* **PROBLEM DESCRIPTION**
Among the entries below, only the lines starting at the one with "British Colony of" and ending at the one with "The first step", both included, are to be printed exactly.

* **RECORDS TO PROCESS**
==================================================
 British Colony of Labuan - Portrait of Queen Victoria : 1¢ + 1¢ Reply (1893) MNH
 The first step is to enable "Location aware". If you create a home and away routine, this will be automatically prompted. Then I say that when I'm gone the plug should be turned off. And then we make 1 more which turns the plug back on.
==================================================
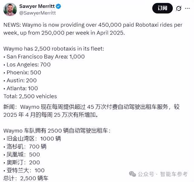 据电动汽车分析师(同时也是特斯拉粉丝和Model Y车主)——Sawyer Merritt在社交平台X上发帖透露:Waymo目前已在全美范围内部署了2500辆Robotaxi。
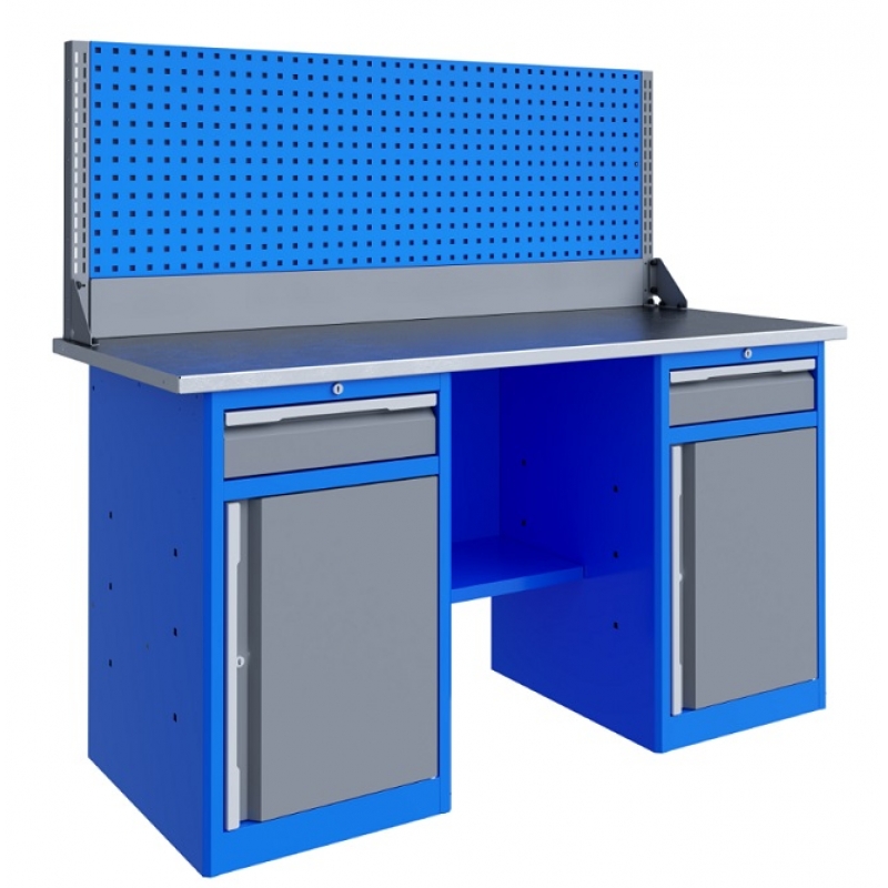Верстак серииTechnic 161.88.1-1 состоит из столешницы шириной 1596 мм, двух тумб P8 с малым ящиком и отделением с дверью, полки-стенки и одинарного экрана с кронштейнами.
==================================================
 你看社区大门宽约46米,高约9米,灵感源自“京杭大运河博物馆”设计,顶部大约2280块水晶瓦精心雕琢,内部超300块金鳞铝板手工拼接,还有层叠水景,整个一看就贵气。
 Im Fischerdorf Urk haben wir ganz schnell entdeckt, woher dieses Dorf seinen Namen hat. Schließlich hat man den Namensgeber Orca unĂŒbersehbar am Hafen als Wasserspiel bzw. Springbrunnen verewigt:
==================================================
* **WRITTEN REPLY**
 British Colony of Labuan - Portrait of Queen Victoria : 1¢ + 1¢ Reply (1893) MNH
 The first step is to enable "Location aware". If you create a home and away routine, this will be automatically prompted. Then I say that when I'm gone the plug should be turned off. And then we make 1 more which turns the plug back on.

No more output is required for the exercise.